▶ **WHAT TO DO**
Every line of the data below should be repeated exactly, and no picture should be copied.

▶ **RAW DATA**
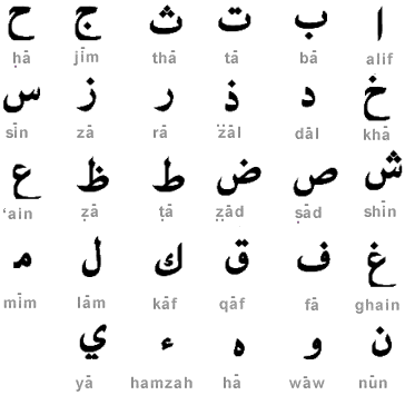 Here are the Arabic Letters in Arabic if you have Arabic enabled on your browsser:
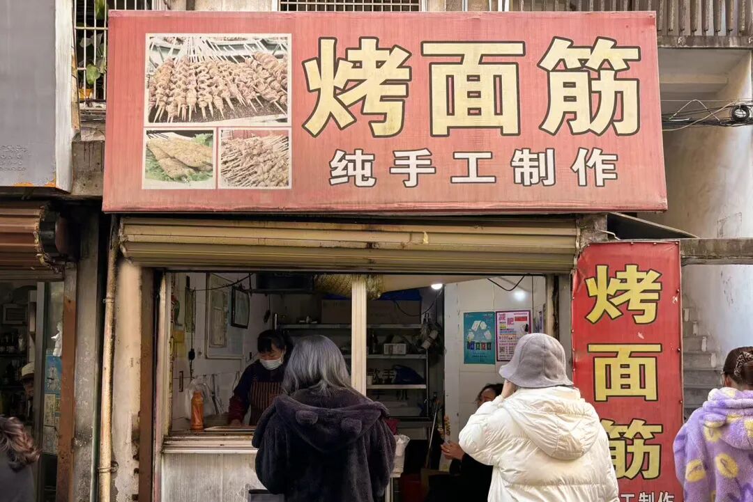 下午四点半,中山小学尚未放学,学校后门银河西巷那家名为“烤面筋”的小店前已围满了人。有人是来给孩子带几串解馋,有人则纯粹是自己“嘴馋”了。
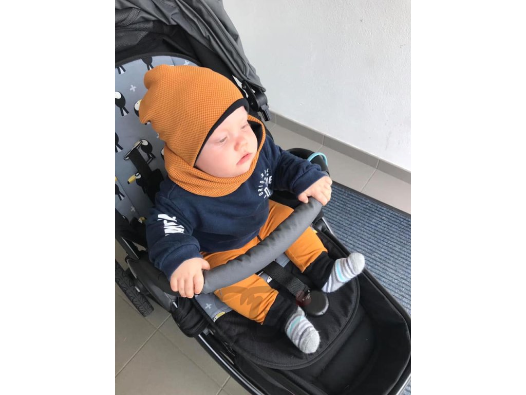 Set - zimní čepice a nákrčník - Hořčice 3D
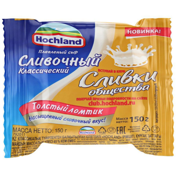 Сыр плавленый Хохланд Сливочный 150г нарезка/9/БЗМЖ

▶ **ANSWER BOX**
 Here are the Arabic Letters in Arabic if you have Arabic enabled on your browsser:
 下午四点半,中山小学尚未放学,学校后门银河西巷那家名为“烤面筋”的小店前已围满了人。有人是来给孩子带几串解馋,有人则纯粹是自己“嘴馋”了。
 Set - zimní čepice a nákrčník - Hořčice 3D
 Сыр плавленый Хохланд Сливочный 150г нарезка/9/БЗМЖ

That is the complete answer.